3. Utilizzo improprio dei dati in giudizio

Per quanto riguarda l’uso dei dati in procedimenti legali, il Garante Privacy ha ribadito che il trattamento dei dati effettuato accedendo alla posta elettronica dei dipendenti per finalità di tutela giudiziaria deve riguardare esclusivamente contenziosi in corso o situazioni precontenziose, non anche ad ipotesi di tutela astratte o indeterminate, come in questo caso.

Considerazioni finali

Il provvedimento del Garante Privacy sembra sollevare, ancora una volta, questioni rilevanti sul bilanciamento tra il diritto alla privacy dei lavoratori (e dei collaboratori) e le esigenze delle imprese di proteggere il proprio patrimonio. Se la sanzione inflitta sottolinea la necessità di rispettare rigorosamente le normative sulla protezione dei dati personali, dovrebbe tuttavia invitare anche a riflettere sulle sfide pratiche che le aziende si trovano a dover affrontare in un contesto digitale sempre più complesso.

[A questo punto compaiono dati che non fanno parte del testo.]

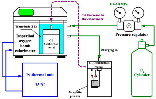 The HPCM manufacturing system of MNCBMs proposed in this study is shown in Figure 1. The main body of the system is an isoperibol oxygen bomb calorimeter (6200EA, PARR, Moline, IL, USA) with an external oxygen cylinder, oxygen pressure regulator, isothermal unit, and oxygen combustion vessel (oxygen bomb). Graphite powder (GP; average size = 3.2 μm) was exploded in the isoperibol oxygen bomb calorimeter by applying various oxygen pressures to the oxygen bomb, namely 0.5, 1.0, 1.5, 2.0, 2.5, and 3.0 MPa, all of which are below the recommended pressure (30 atm) for calorimetry. These oxygen pressure settings were chosen to avoid the complete combustion of the GP, which would result in an insufficient MNCBM production rate [26]. The MNCBMs had varying morphologies and were composed of various materials because of various oxygen pressures to produce different explosive energies in oxygen bomb. First, 1.0 g of GP was placed in the oxygen bomb’s sample pan, which was subsequently subjected to various oxygen pressure levels through a standard combustion calorie measurement procedure to produce MNCBMs. Lastly, the combustion residue was weighed using an electronic balance (GR200, A&D, Tokyo, Japan), and the weight ratio of the residual weight after combustion to the initial weight of the GP was defined as the production rate (PR). For the isoperibol oxygen bomb calorimeter, we only need to input the weight of the sample and the ignition thread, and then it automatically calculated and recorded the total combustion heat value (Hcv) of the sample under each experimental parameter through a standard combustion calorie measurement procedure. Since the sample was burned in a fixed volume chamber, the total combustion heat released by burning the sample and the sample’s moisture was automatically calculated by measuring the temperature change of the water bath. Therefore, Hcv belongs to the higher heating value.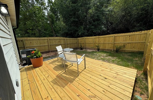 Fenced-in backyard with small patio set. There is a smart lock on the front door that allows you to check-in at your convince.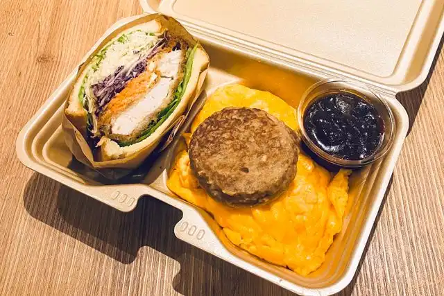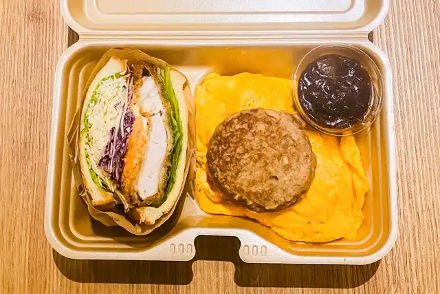 オムライスとボリューミーな野菜たっぷりカツサンドのセットです。まんぷくHappyな欲張り弁当を楽しくお召し上がり下さい。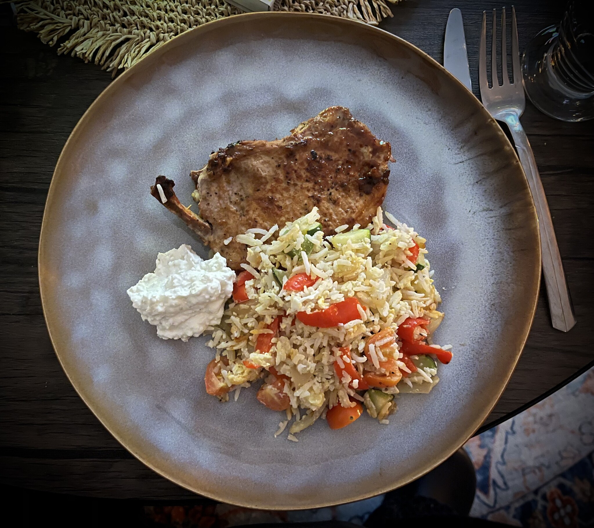 Fläskkotlett med ben, stekt ris/grönsaker (paprika, lök, squash) m ägg... plus en fetaoströra (hade ett par msk cf kvar och en halv fetaost.. mosade ihop dem och hade i lite svartpeppar)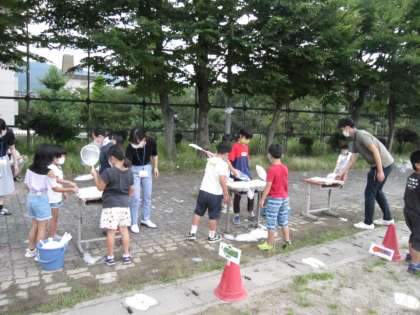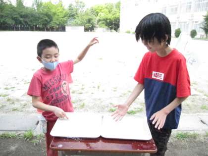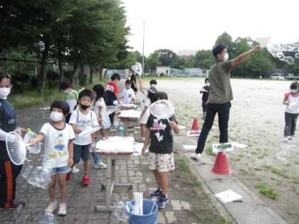 2年生と6年生を招待してしゃぼんだまやさんをしました。しゃぼんだまやさんも今日で2日目なので,子どもたちも慣れたもの。たっぷりしゃぼんだま液を作り,さっと準備をすると「いらっしゃい〜」「うちわをどうぞ」と案内していました。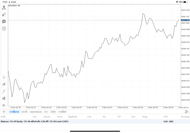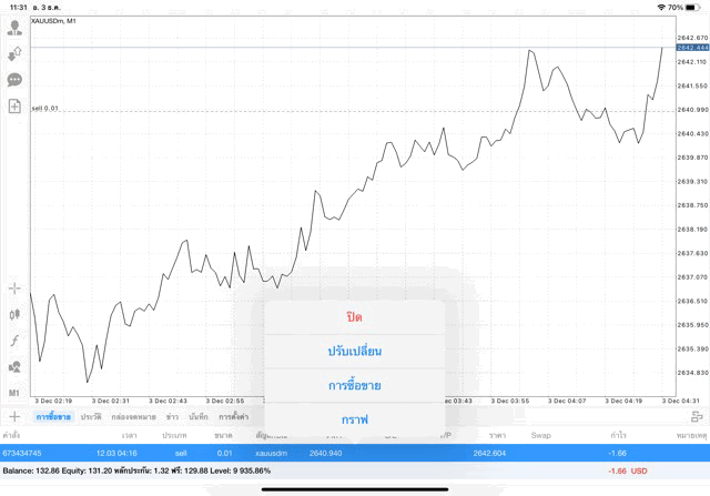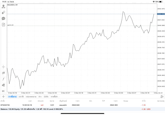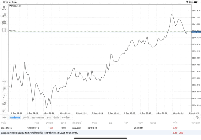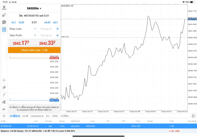 การเทรด XAUUSDm (ทองคำ) 0.01 lot แอพ Mt4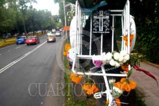 MÉXICO, D.F., 29OCTUBRE2009.- Familiares del Joven de oficio Panadero quien perdió la vida hace unos días en Paseo de la Reforma a la altura del Auditorio Nacional, colocaron una ofrenda en su Memoria en el lugar. FOTO: LUIS CARBAYO/CUARTOSCURO.COM

Raggiungere un equilibrio tra tutela della privacy e sicurezza richiederebbe un approccio attento e bilanciato. Da un lato, l’accesso non autorizzato ai dati dei lavoratori rappresenta, infatti, una violazione non solo normativa ma anche della fiducia nei rapporti aziendali, con potenziali ripercussioni significative. Dall’altro lato, tuttavia, le imprese dovrebbero poter salvaguardare nel modo più adeguato possibile il proprio patrimonio informativo, essenziale per mantenere competitività e prevenire condotte lesive come la sottrazione di segreti industriali.

La crescente digitalizzazione dei processi aziendali e la diffusione di tecnologie avanzate rendono tuttavia sempre più complesso gestire questi aspetti in modo efficace. Queste sfide, infatti, oltre a richiedere soluzioni tecniche, a volte complesse, comportano costi rilevanti, che non tutte le imprese sono sempre in grado di sostenere. Garantire una compliance stringente, infatti, significa investire in tecnologie, formazione e risorse umane, sforzi che pesano particolarmente sulle piccole e medie imprese, e ciò potrebbe creare disparità nel livello di sicurezza e protezione dei dati, lasciando alcune realtà più esposte a rischi e sanzioni.

Un approccio più multidisciplinare e flessibile potrebbe quindi rendere la compliance più sostenibile per tutte le aziende. Il Garante Privacy, ad esempio, potrebbe fornire linee guida più pratiche e dettagliate, adattate alle diverse realtà operative, e chiarire meglio le aspettative sui requisiti tecnici e organizzativi. Ciò aiuterebbe le imprese a evitare errori interpretativi, facilitando l’adozione di pratiche conformi alle normative. Allo stesso modo, il legislatore potrebbe considerare, laddove necessario, aggiornamenti normativi che tengano conto delle trasformazioni tecnologiche e delle necessità concrete del tessuto economico.

Le imprese, da parte loro, dovrebbero invece investire maggiormente in programmi di formazione e sensibilizzazione dei dipendenti volti a rafforzare la consapevolezza interna sull’importanza della protezione dei dati e a ridurre il rischio di errori o violazioni.

In conclusione, il diritto alla protezione dei dati personali dovrebbe essere conciliato con le legittime esigenze aziendali senza rappresentare un onere insostenibile per le imprese. Un dialogo costruttivo tra autorità, imprese e legislatore, accompagnato da normative chiare e applicabili, potrebbe garantire un sistema più equilibrato, in cui i diritti individuali e la sicurezza aziendale si rafforzino reciprocamente, favorendo uno sviluppo economico sostenibile e inclusivo.